Battling your mind
I was reading an article in People magazine where Alanis Morrisette was talking about her post partum depression and among other things, she had these "horrifyingly scary visions of her family being harmed".
I had heard of post partum depression and I knew I didn't have that for I was happy to have beaten infertility. So, if I don't have that then I must have nothing wrong with me right?

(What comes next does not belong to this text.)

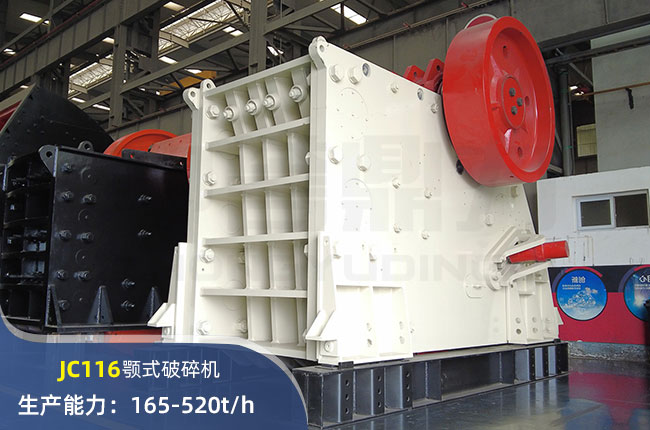 JC116顎式破碎機進料口尺寸1150×760mm,進料粒度≤640mm,出料大小≤70mm,電機功率110kw,時產(chǎn)量在520噸。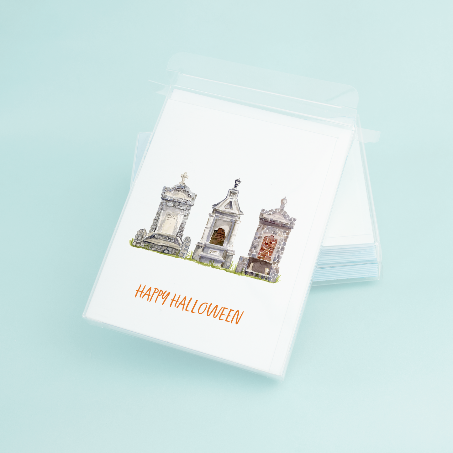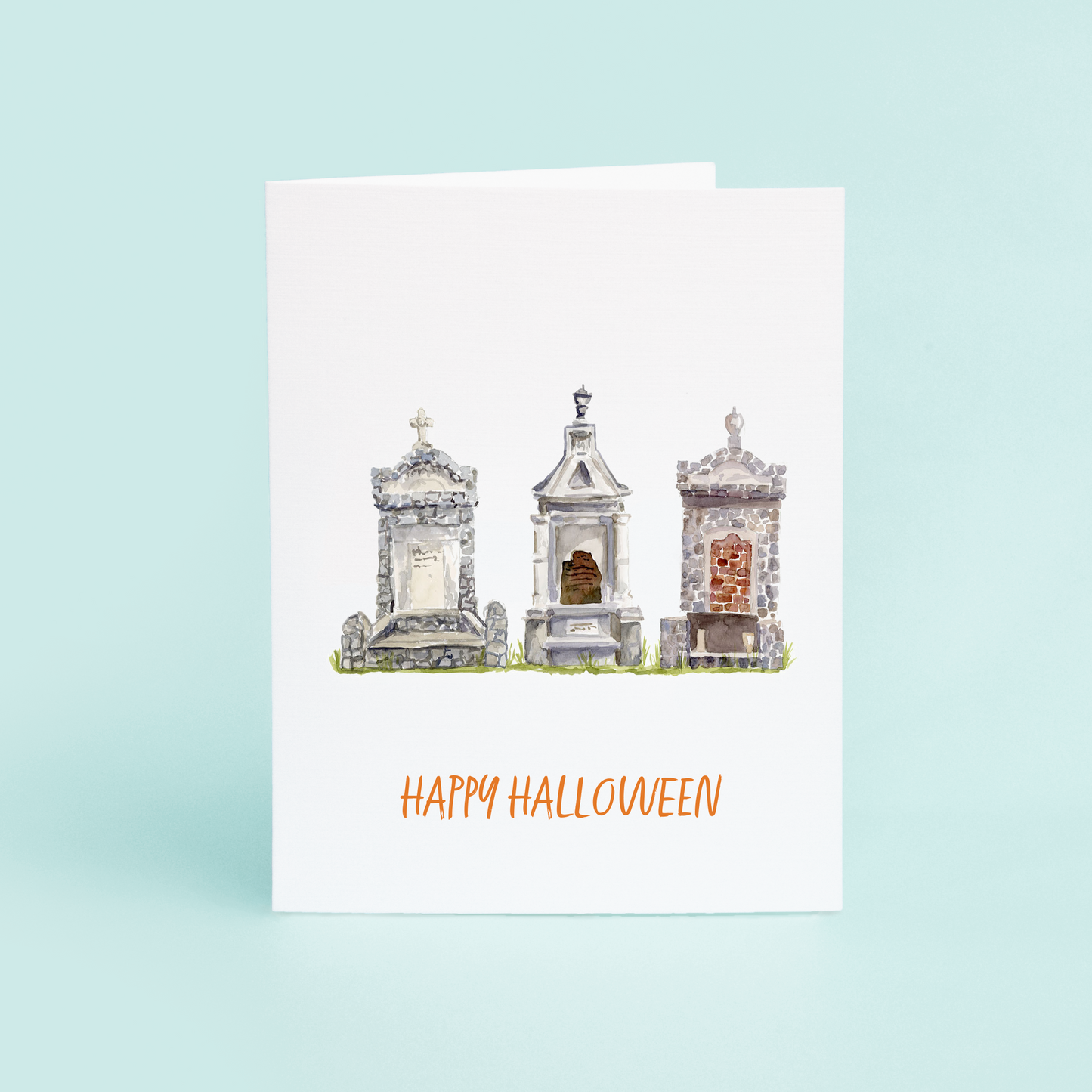 Regular price $3.50Get ready to spook your loved ones with this card featuring an original watercolor design by artist Ben Paladino of Cemetery Crypts. The intricate watercolor design by Ben Paladino captures the eerie ambiance of a spooky cemetery, making it a perfect choice for Halloween. Share the spooky spirit and send your message with our Cemetery Crypts Halloween greeting card.

But I too had the unnerving, intrusive, and severely graphic visions that came frequently and mainly when I went to sleep. I thought of my precious baby's murder, kidnapping, accidents caused by others or myself, etc. Just horrible, horrible things beyond the "normal" worries. I googled this and found out it was called post partum OCD with intrusive thoughts. I didn't have the more common OCD symptoms, but had the thoughts often. Looking more into it I had post partum anxiety as well. Wow.....I wasn't actually psychotic.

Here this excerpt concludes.